Я обернулась. Меня гораздо сильнее, чем я могла предположить, взволновала сама сцена: мы вместе пьем утренний кофе, и у Ксавье почти веселое лицо.
— Хочу попросить тебя об услуге.
— Слушаю.
— Сможешь отвезти меня в лечебницу? Я бы хотел, чтобы ты была со мной.
Вспышка любви в сердце.
— Конечно… Соберусь, и поедем.
Я помчалась по лестнице — никак нельзя, чтобы он увидел мои мокрые глаза.
Я уже входила в душ, когда дверь ванной открылась. Я застеснялась: Ксавье впервые после долгого перерыва видел меня обнаженной в ярком свете дня. Накануне мы, конечно, занимались любовью бурно и без намека на застенчивость, но нам еще предстояло заново приручить простоту и спонтанность каждодневных жестов. Ксавье было так же неловко, как мне. Сбитые с толку, мы долго смотрели друг на друга, и его губы сложились в кривоватую гримасу.
— Мне тоже нужно собраться.
Вместо ответа я улыбнулась ему. По мне текла вода, Ксавье брился, и мы обменивались смущенными взглядами в зеркале. Когда я вышла из душевой кабины, он протянул мне банное полотенце, как делал это раньше.
За всю дорогу мы не произнесли ни слова. Ксавье безостановочно крутил на пальце обручальное кольцо. После аварии я ни разу не заметила, чтобы он это делал. Выходит, к нему возвращаются привычные невротические жесты. Он заставлял себя размеренно дышать. Я не рискнула представить, что он чувствует на пороге возвращения к работе. Я изо всех сил надеялась, что ему будет комфортно и что сегодня вечером он скажет себе: да, я смогу лечить животных, как раньше. С его точки зрения, этот день был обязательной контрольной проверкой, тестом на психологическую устойчивость.

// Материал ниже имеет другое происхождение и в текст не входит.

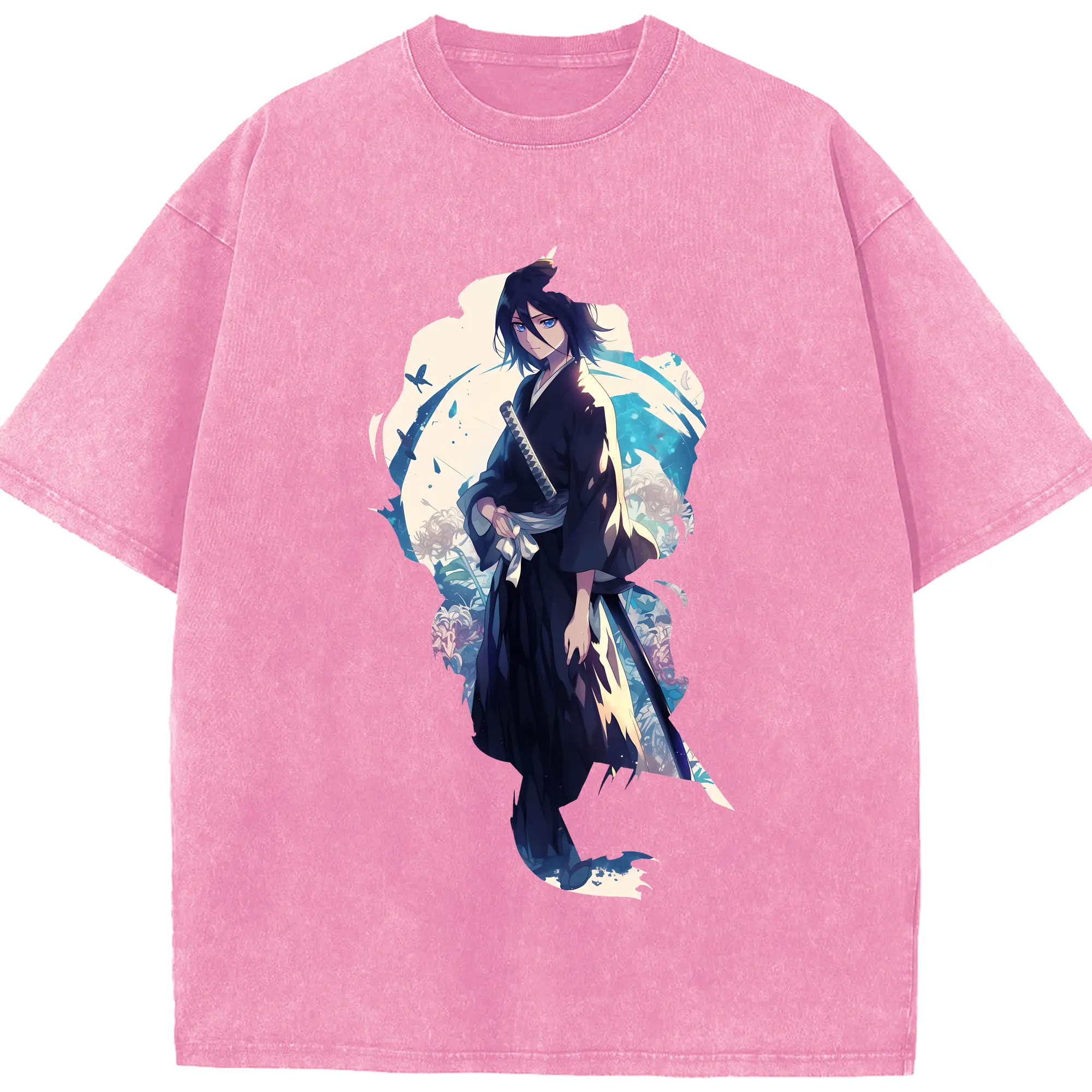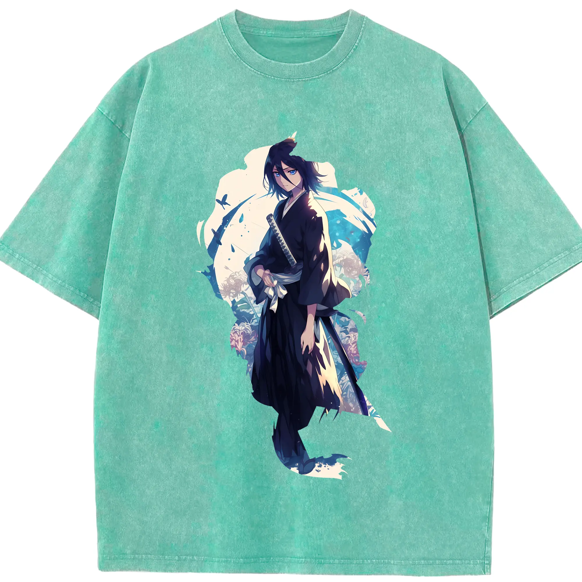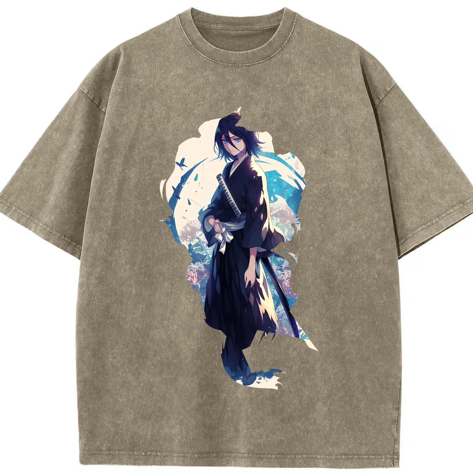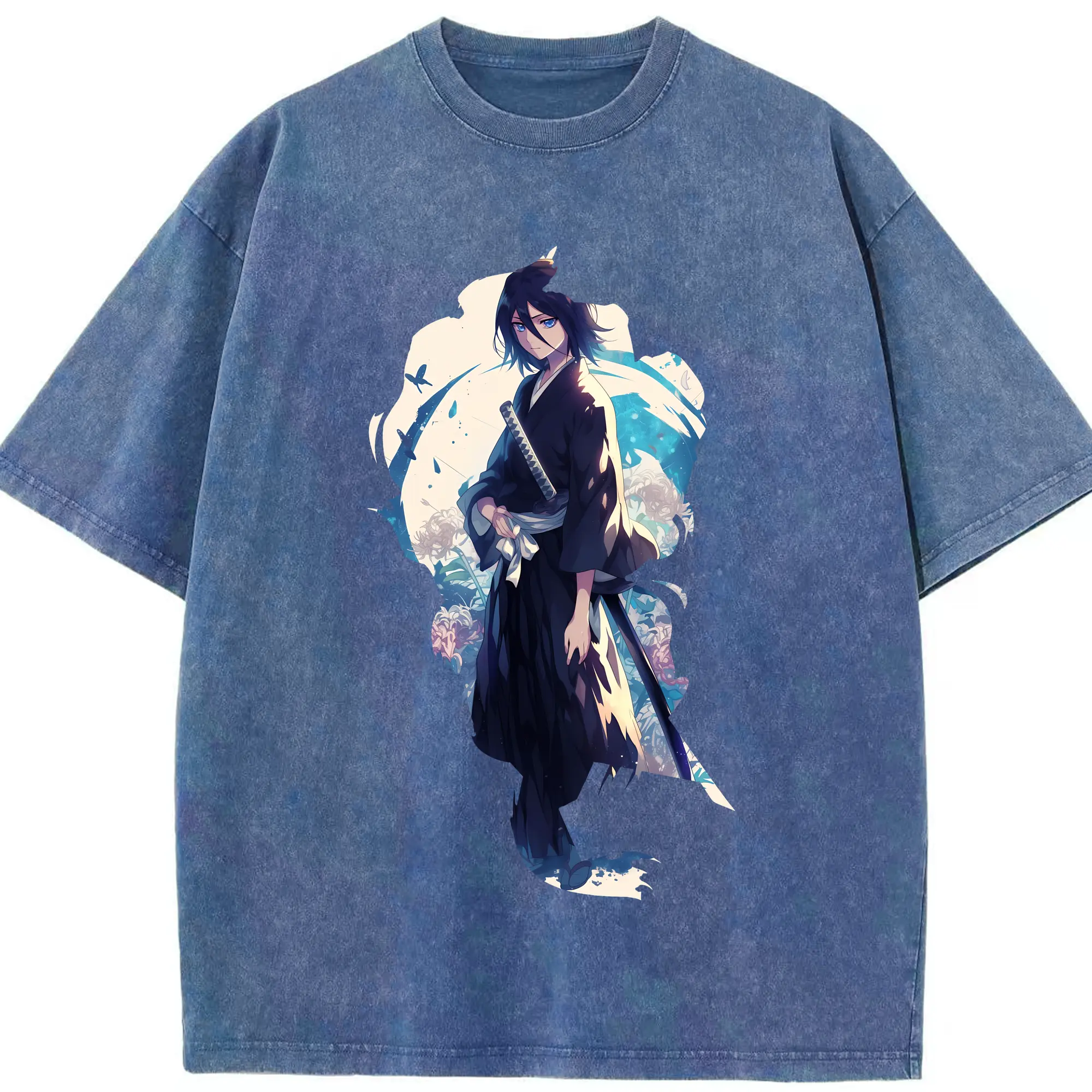 ブリーチ グッズ,朽木 白哉 - 綿100% ヴィンテージ風 半袖Tシャツ ・ フロントプリント ・ 柔らか肌触り ・ 通気性 快適 ・ スポーツ カジュアル 外出用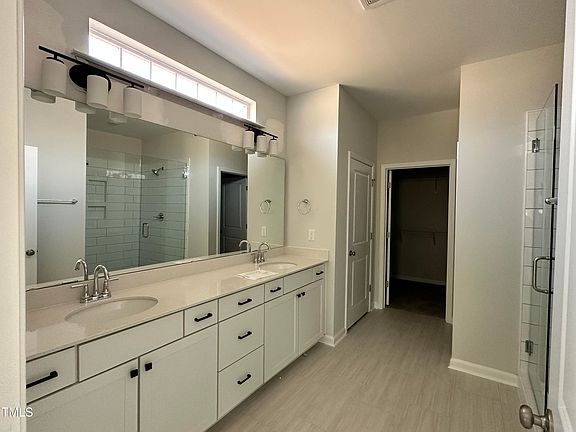 - Double Vanity, Eat-in Kitchen, Entrance Foyer, High Ceilings, Master Downstairs, Shower Only, Smooth Ceilings, Walk-In Closet(s), Walk-In Shower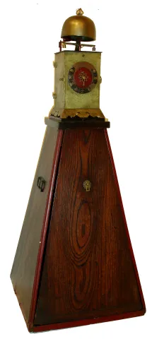 Japanese lantern clock, single foliot, on a later [but not new] pyramid base, weight driven, from the Doug Shaffer collection, c1790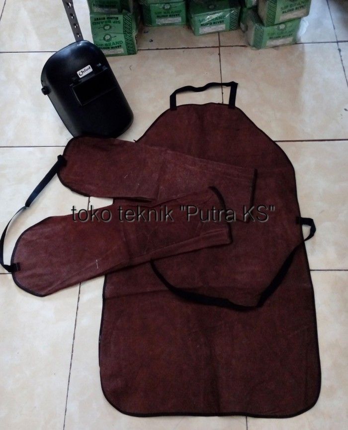 Paket Full Set Safety Las Apron Las Kulit dan Helm Las Setting Putar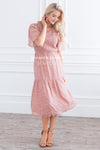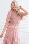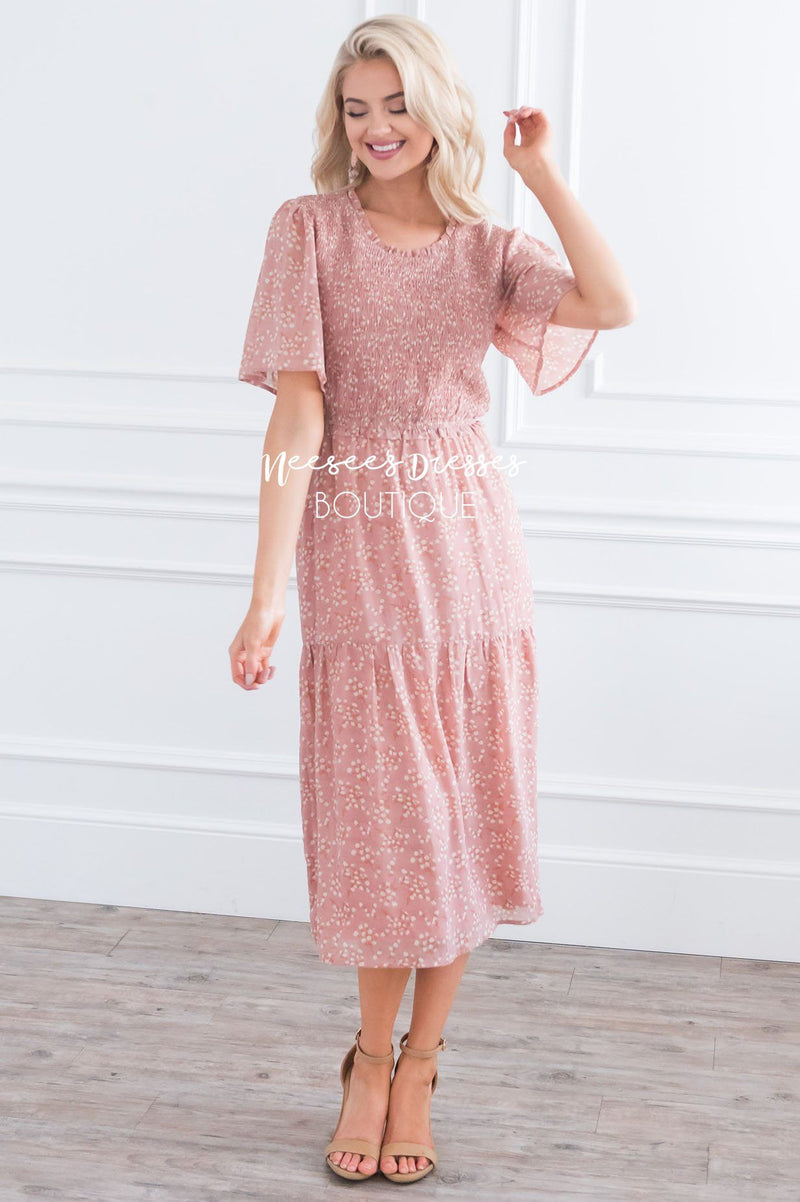The Raylee has got us excited! It truly has all of our favorite modest features in one gorgeous dress! Modest round neckline with a classy shirred bodice, unlined flutter sleeves, elastic ruffle waist detailing and a tiered flowy skirt! This one is a must have!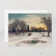 A Winter scene captures a tranquil landscape with a horse-drawn sleigh gliding through a snow-covered village road lined with bare trees. In the background, a church stands under a crescent moon in a vibrant sunset sky.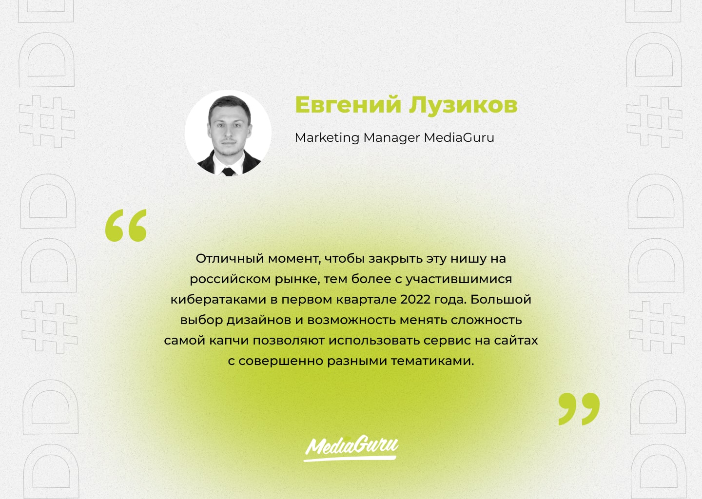 Отличный момент, чтобы закрыть эту нишу на российском рынке, тем более с участившимися кибератаками в первом квартале 2022 года. Большой выбор дизайнов и возможность менять сложность самой капчи позволяют использовать сервис на сайтах с совершенно разными тематиками.

Если он сможет проводить в клинике хотя бы по несколько часов ежедневно, ожидая, пока нога полностью восстановится, за его душевное равновесие можно будет не беспокоиться… Когда я припарковалась, Ксавье не шелохнулся, приклеившись взглядом к лечебнице, с трудом сдерживая зашкаливающие эмоции. Он сделал несколько глубоких вдохов, чтобы успокоиться, и вдруг инстинктивно отпрянул и насупился, внимательно изучая своего временного заместителя, который появился на пороге.
— Он симпатичный, — прокомментировал Ксавье севшим голосом.
— Я тоже так считаю.
Он схватил мою руку и сдавил, едва не расплющив. Наклонившись, нашел мои губы и впился в них поцелуем.
— Спасибо, Ава… Спасибо, что позаботилась о том, чтобы моя лечебница не развалилась вместе со мной.
Я погладила Ксавье по щеке, прислонилась лбом к его лбу, провела рукой по волосам.
— Иди, он тебя ждет, это касается только вас двоих, ветеринаров. Вам нужно многое обсудить. Теперь, когда ты благополучно добрался до места назначения, мне в вашей компании делать нечего.
— До вечера.
Он выбрался из автомобиля, собрался захлопнуть дверцу, но я придержала ее.
— Позвони, когда захочешь обратно, я заеду за тобой.
Он отвел глаза.
— Нет, меня и такси устроит.
— Я могу закрыть галерею, мне не составит труда.
— Ава… я поеду домой, а оттуда в больницу, мне сегодня надо там быть.
— А-а-а…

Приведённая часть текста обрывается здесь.